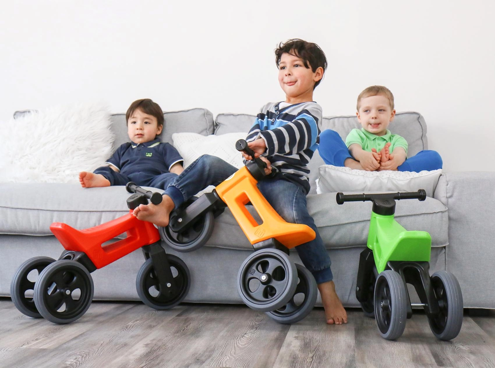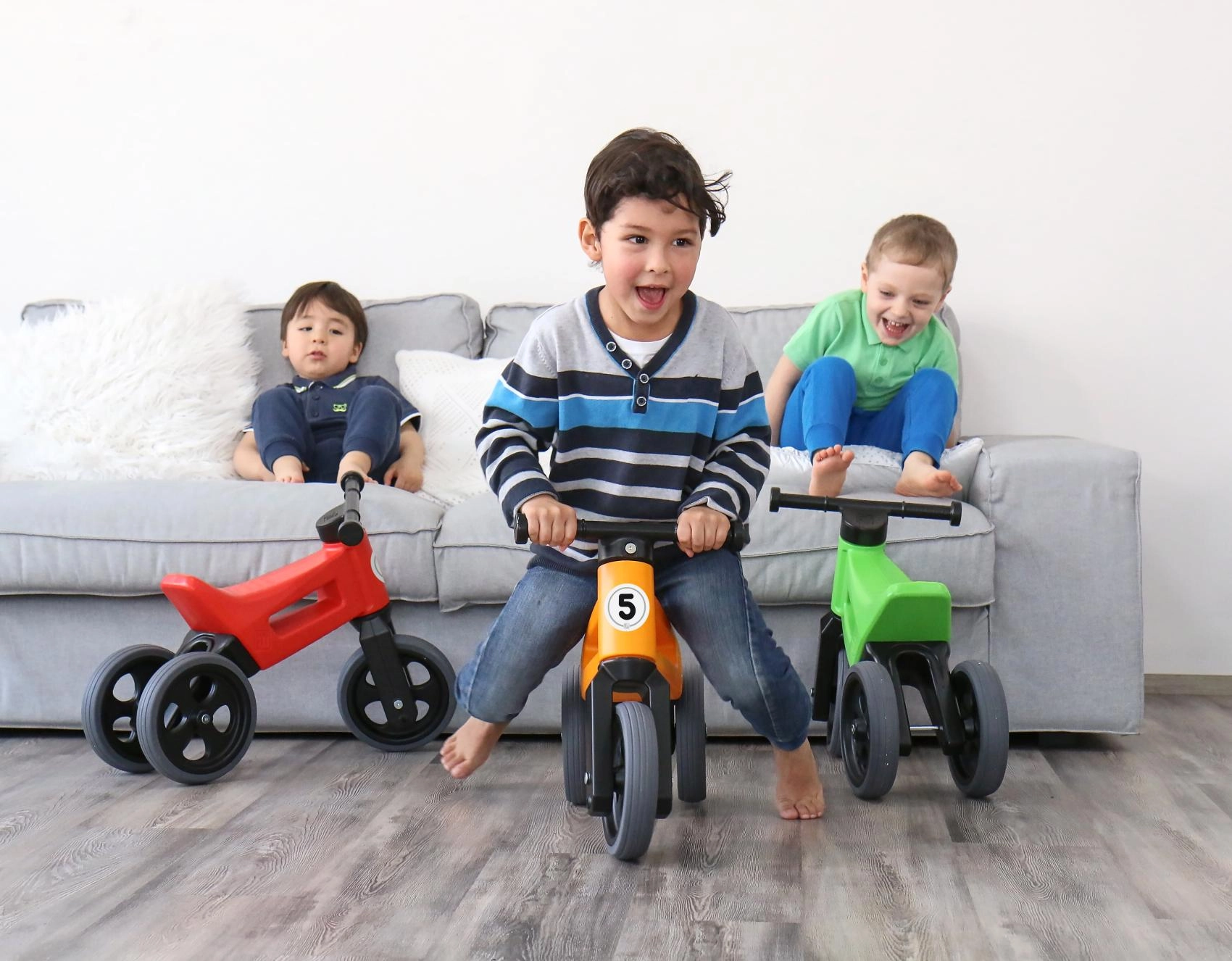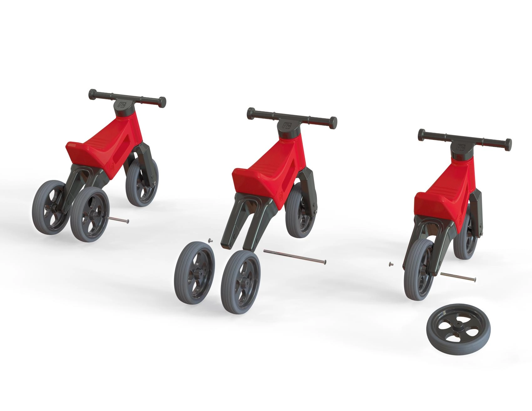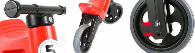 In enkele minuten verander je een stabiele driewieler in een tweewielige balansloopfiets. Ideaal als overgang naar de eerste fiets.
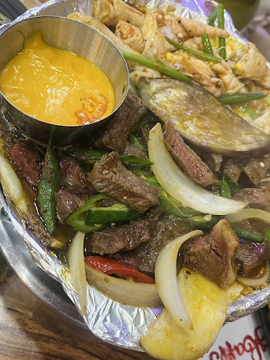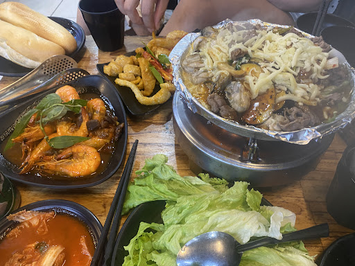 Read moreKhông gian nhỏ, đông khách nên phải đợi bàn hơi lâu. Mình gọi set bò tảng sốt trứng muối thêm phần chân gà và mì xào hải sản vừa ăn, thịt bò mềm. Lẩu bò Mỹ cuộn viên thả thì cảm thấy không hợp với mình, nước lẩu nhạt. Nhân viên lịch...
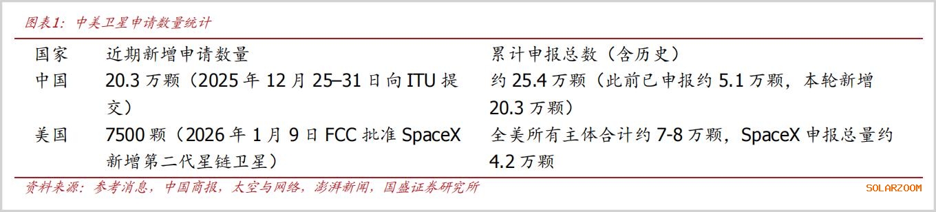 具体来看,商业航天爆发式增长是太空光伏的核心推手。在国际电信联盟(ITU)“先登先占”规则下,全球低轨卫星竞争逐渐白热化,全球多国主体纷纷推进巨型星座计划,卫星数量进入万颗级别。
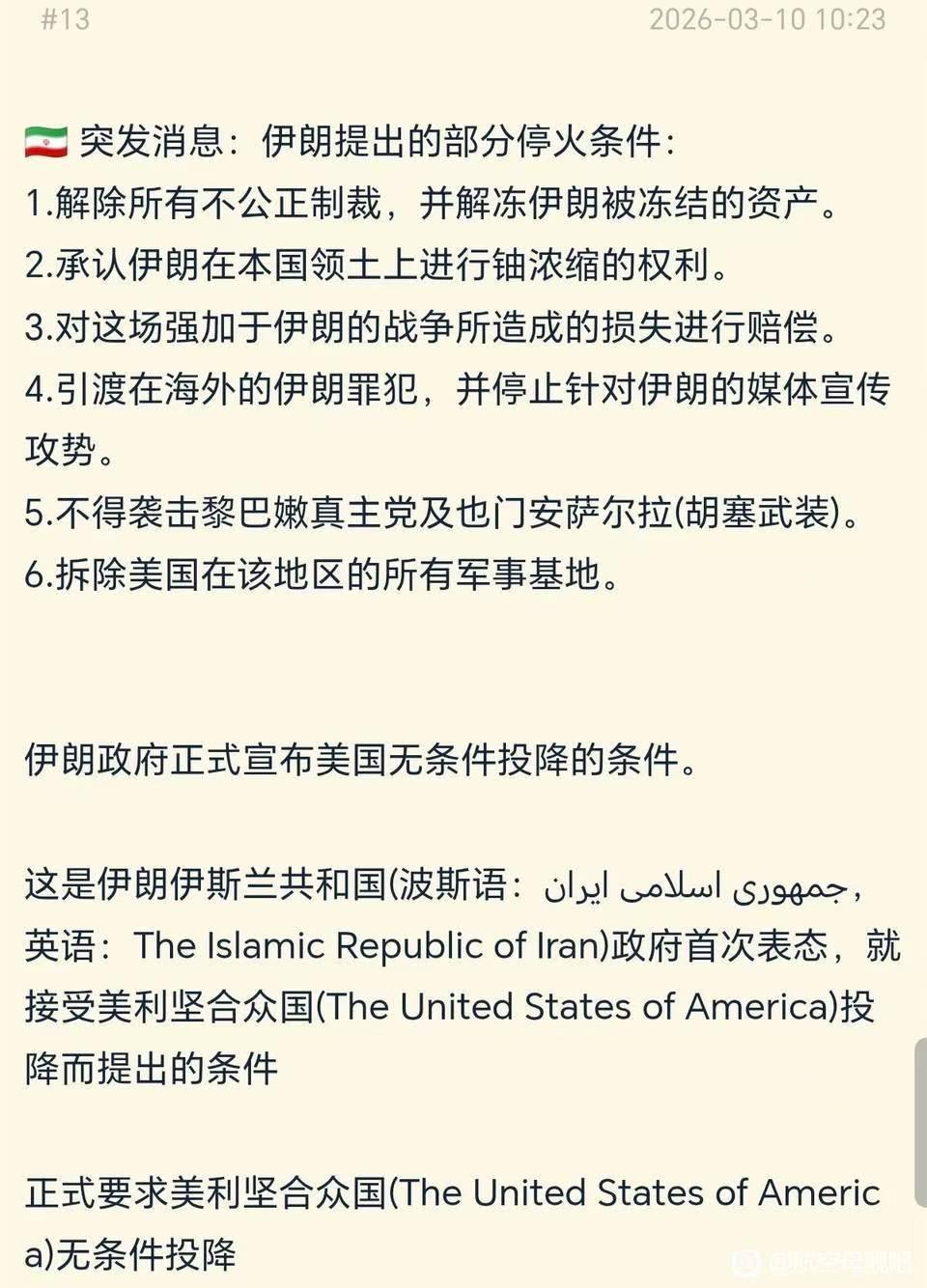 伊朗提出的停火条件,简直就像是要求美以无条件投降。目前,美以在军事方面仍占据优势,特别是在制空权上对伊朗形成压制。近期,美国对金融市场加以管控,使得市场并未因伊朗封锁霍尔木兹海峡而持续暴跌。当下,伊朗与美国对峙的关键,一是看谁能坚持得更久,二是对霍尔木兹海峡的掌控力。若未来几天伊朗无法展现其导弹能力与对海峡的掌控力,那么提出任何条件都无济于事。
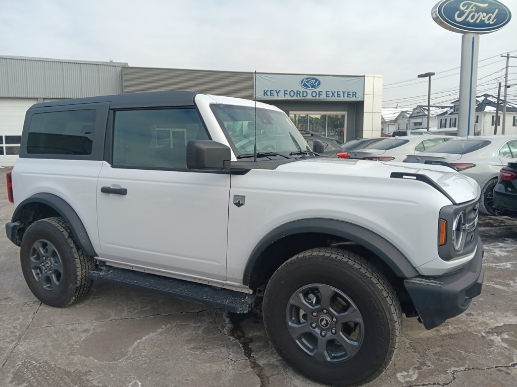 KEY FORD OF EXETER is proud to present you with another True Market Priced Pre-Owned Vehicle. Transparent Pricing Of $ 35577 !! This 2024 Ford Bronco Big Bend is loaded with the following Factory Options: Equipment Group 222A Mid Package (2-Door Intelligent Access w/Lock/Unlock, Ambient Footwell Lighting, Auto-Dimming Interior Rear-View Mirror, Connected Navigation, Dr & Pass Illuminated Sliding Visor Vanity Mirrors, Dual Smart Charging USB Ports, Dual-Zone Electronic Automatic Temperature Control, Front Row Heated Seats, Power Outlet - Back Side of Center Floor Console, and Rear Parking Sensors), 4-Wheel Disc Brakes, 4.46 Axle Ratio, 7 Speakers, ABS brakes, Air Conditioning, Alloy wheels, AM/FM radio: SiriusXM with 360L, AM/FM Stereo, Auto High-Beam Headlamps, Auto High-beam Headlights, BLIS Blind Spot Information System, Brake assist, Compass, Convertible HardTop, Convertible roof lining, Delay-off headlights, Driver door bin, Driver vanity mirror, Dual front impact airbags, Dual front side impact airbags, Electronic Stability Control, Emergency communication system: 911 Assist, Exterior Parking Camera Rear, Front anti-roll bar, Front Bucket Seats, Front Center Armrest, Front fog lights, Front License Plate Bracket, Front reading lights, Front wheel independent suspension, Fully automatic headlights, Glass rear window, Heated door mirrors, Illuminated entry, Integrated roll-over protection, Lane-Keeping System, Leather Shift Knob, Low tire pressure warning, Marine Grade Vinyl Bucket Seats, Occupant sensing airbag, Outside temperature display, Overhead airbag, Overhead console, Panic alarm, Passenger door bin, Passenger vanity mirror, Powder Coated Tube Step, Power door mirrors, Power steering, Power windows, Pre-Collision Assist w/Automatic Emergency Braking, Radio data system, Rear window defroster, Rear window wiper, Rear-View Camera, Remote keyless entry, Security system, SiriusXM Radio w/360L, Speed control, Split folding rear seat, Steering wheel mounted audio controls, SYNC 4, Tachometer, Telescoping steering wheel, Tilt steering wheel, Traction control, Trip computer, Variably intermittent wipers, and Wheels: 17" Carbonized Gray-Painted Aluminum!!
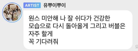 정연 푹쉬고 다시 건강하게 활동했으면 좋겠다
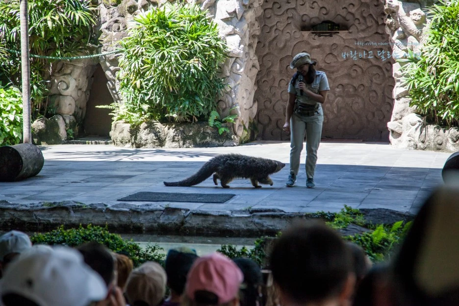 밝과 활기찬 직원들과 이런 환경이라면 동물들에게도 괜찮지 않을까 싶은 첫 번째 동물쇼.
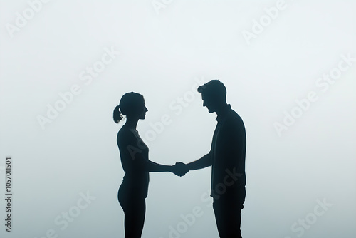 Set against a pale background, a young couple in silhouette holds hands as they engage in a heartfelt gaze, representing connection, potential, and the beauty of young love.

__Instructions for the task__: Line by line, print the records exactly, leaving the pictures behind.

__Reply to the exercise__:
 In enkele minuten verander je een stabiele driewieler in een tweewielige balansloopfiets. Ideaal als overgang naar de eerste fiets.
 Read moreKhông gian nhỏ, đông khách nên phải đợi bàn hơi lâu. Mình gọi set bò tảng sốt trứng muối thêm phần chân gà và mì xào hải sản vừa ăn, thịt bò mềm. Lẩu bò Mỹ cuộn viên thả thì cảm thấy không hợp với mình, nước lẩu nhạt. Nhân viên lịch...
 具体来看,商业航天爆发式增长是太空光伏的核心推手。在国际电信联盟(ITU)“先登先占”规则下,全球低轨卫星竞争逐渐白热化,全球多国主体纷纷推进巨型星座计划,卫星数量进入万颗级别。
 伊朗提出的停火条件,简直就像是要求美以无条件投降。目前,美以在军事方面仍占据优势,特别是在制空权上对伊朗形成压制。近期,美国对金融市场加以管控,使得市场并未因伊朗封锁霍尔木兹海峡而持续暴跌。当下,伊朗与美国对峙的关键,一是看谁能坚持得更久,二是对霍尔木兹海峡的掌控力。若未来几天伊朗无法展现其导弹能力与对海峡的掌控力,那么提出任何条件都无济于事。
 KEY FORD OF EXETER is proud to present you with another True Market Priced Pre-Owned Vehicle. Transparent Pricing Of $ 35577 !! This 2024 Ford Bronco Big Bend is loaded with the following Factory Options: Equipment Group 222A Mid Package (2-Door Intelligent Access w/Lock/Unlock, Ambient Footwell Lighting, Auto-Dimming Interior Rear-View Mirror, Connected Navigation, Dr & Pass Illuminated Sliding Visor Vanity Mirrors, Dual Smart Charging USB Ports, Dual-Zone Electronic Automatic Temperature Control, Front Row Heated Seats, Power Outlet - Back Side of Center Floor Console, and Rear Parking Sensors), 4-Wheel Disc Brakes, 4.46 Axle Ratio, 7 Speakers, ABS brakes, Air Conditioning, Alloy wheels, AM/FM radio: SiriusXM with 360L, AM/FM Stereo, Auto High-Beam Headlamps, Auto High-beam Headlights, BLIS Blind Spot Information System, Brake assist, Compass, Convertible HardTop, Convertible roof lining, Delay-off headlights, Driver door bin, Driver vanity mirror, Dual front impact airbags, Dual front side impact airbags, Electronic Stability Control, Emergency communication system: 911 Assist, Exterior Parking Camera Rear, Front anti-roll bar, Front Bucket Seats, Front Center Armrest, Front fog lights, Front License Plate Bracket, Front reading lights, Front wheel independent suspension, Fully automatic headlights, Glass rear window, Heated door mirrors, Illuminated entry, Integrated roll-over protection, Lane-Keeping System, Leather Shift Knob, Low tire pressure warning, Marine Grade Vinyl Bucket Seats, Occupant sensing airbag, Outside temperature display, Overhead airbag, Overhead console, Panic alarm, Passenger door bin, Passenger vanity mirror, Powder Coated Tube Step, Power door mirrors, Power steering, Power windows, Pre-Collision Assist w/Automatic Emergency Braking, Radio data system, Rear window defroster, Rear window wiper, Rear-View Camera, Remote keyless entry, Security system, SiriusXM Radio w/360L, Speed control, Split folding rear seat, Steering wheel mounted audio controls, SYNC 4, Tachometer, Telescoping steering wheel, Tilt steering wheel, Traction control, Trip computer, Variably intermittent wipers, and Wheels: 17" Carbonized Gray-Painted Aluminum!!
 정연 푹쉬고 다시 건강하게 활동했으면 좋겠다
 밝과 활기찬 직원들과 이런 환경이라면 동물들에게도 괜찮지 않을까 싶은 첫 번째 동물쇼.
 Set against a pale background, a young couple in silhouette holds hands as they engage in a heartfelt gaze, representing connection, potential, and the beauty of young love.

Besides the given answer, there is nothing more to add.